A lack of payment for property tax has led the General Department of Taxation to issue a warning this week to property owners, reminding them that penalties will apply to those who miss this year’s payment deadline.
“To make property tax collection on time, GDT would like to notify everyone who has not paid tax for their property to do it before the 30th of September. Failing to do so, the property owners will be fined on top of the tax required,” the notice, dated July 31, though released on the GDT website this week, reads.
As of August 4, just 3,700 taxpayers have paid up their property tax this year, according to So Phonnary, executive vice president and chief operating officer of Acleda Bank, one of two agencies collecting tax for the government.
Phonnary said the delay might stem from the lack of information about property tax obligations.
“It can be that people are not aware of paying property tax, but it can also be that there are announcements, but people do not pay attention to it,” she said.

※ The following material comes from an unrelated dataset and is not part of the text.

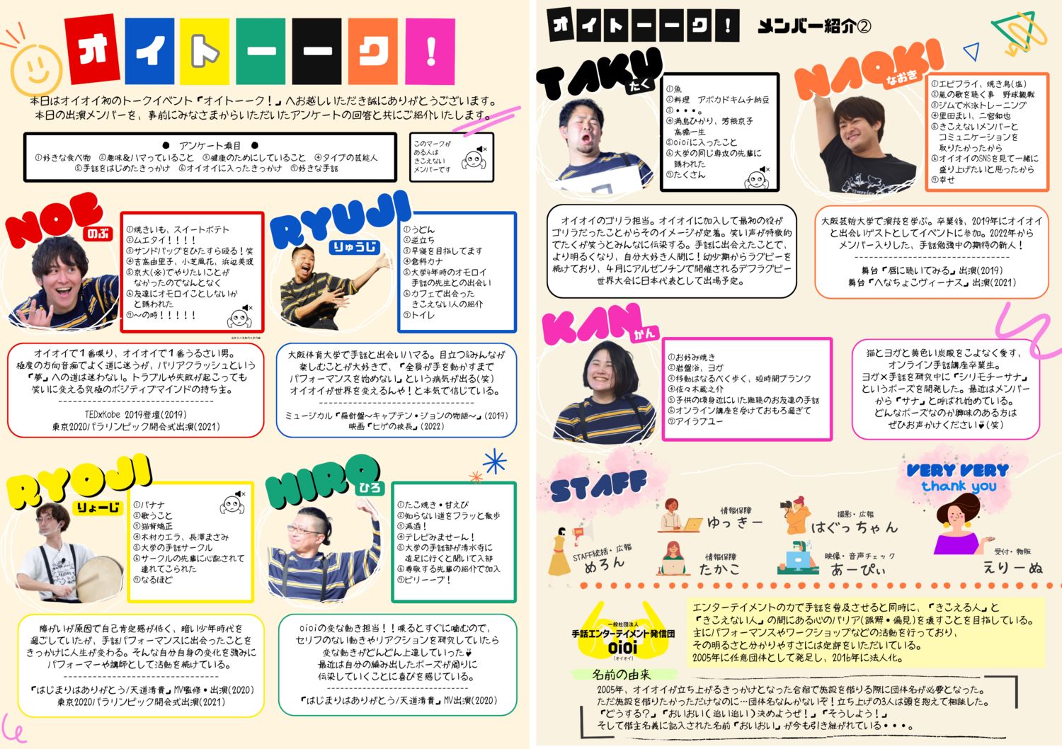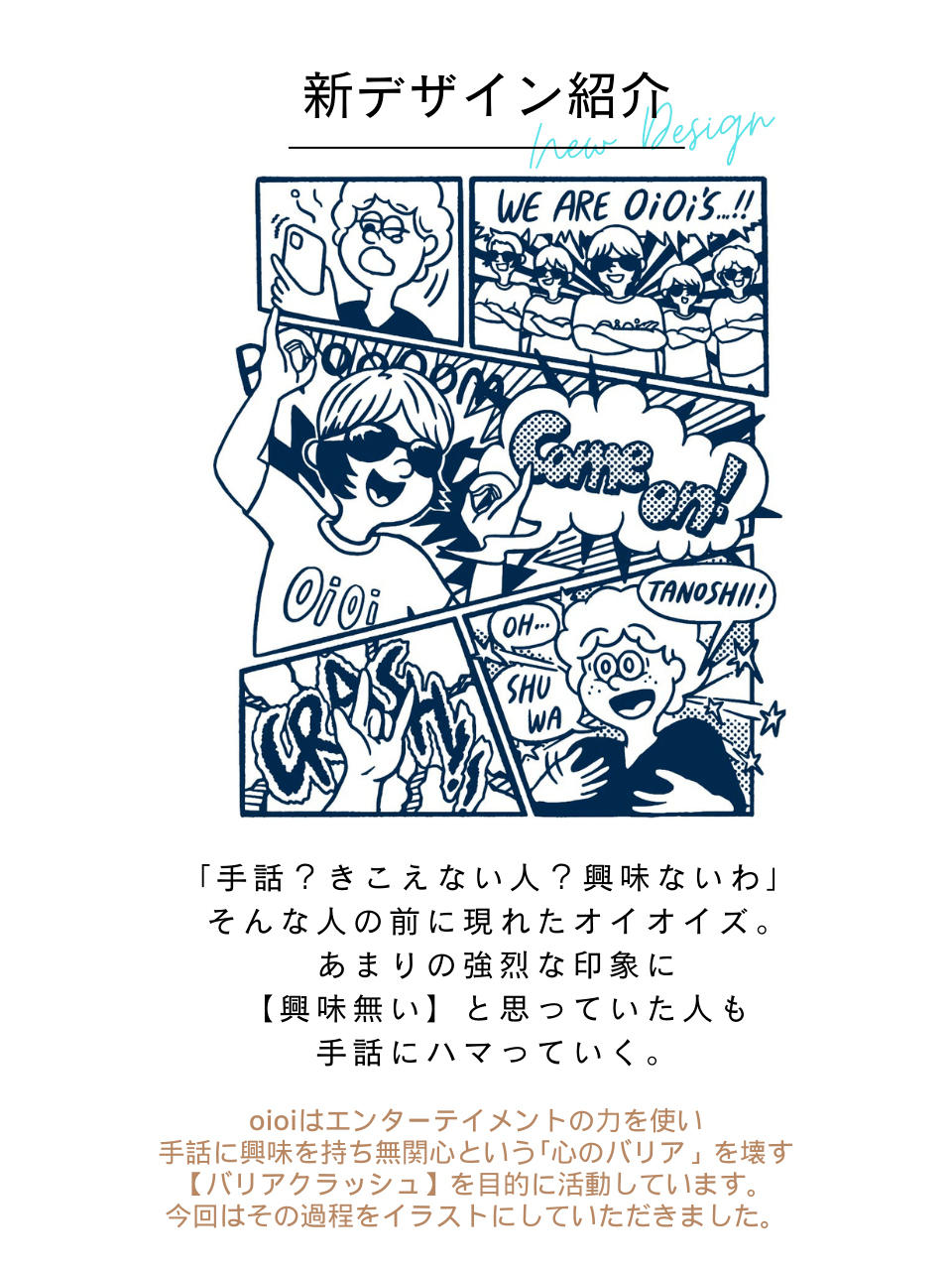 私たち、一般社団法人手話エンターテイメント発信団oioiは、世の中にある偏見や誤解、無関心から生まれる心のバリアを壊し、一緒にオモシロがれる社会を創ることを目指しています。

The Acleda vice president did not have access to the number of properties registered for the tax payment.
Contacted yesterday, the GDT declined to say how many companies were registered or how much a fine would be.
Property tax is charged at 0.1 per cent on land, homes or buildings with a value greater than 100 million riel (about $25,000).
Cheng Kheng, the president of the Cambodian Valuers and Estate Agents Association, said yesterday, the lack of transparency on how the revenue is being used discouraged taxpayers from paying on time.
“People know about property tax, but they do not know what benefits they get back in return. If people could see the benefits of paying tax, they will happily do it,” he said.
Since property tax was introduced in 2011, the GDT has pushed back the September 30 deadline, saying that there was a lack of resources available to handle the claims of property owners.
An early warning this year may indicate that processes are improving, said Clint O’Connell, a tax partner with firm VDB Loi.
“The goal of the GDT is to increase efficiency in tax collection and we believe that they are looking at moving to E-Filing, and E-Registration, using online calculators to assist in determining tax liabilities, also using call centers and text messages to remind owners of the due date for property tax,” he said.
O'Connell added that keeping records on new buildings, changes to existing properties and encouraging people and companies to register for property tax were the future challenges facing the GDT.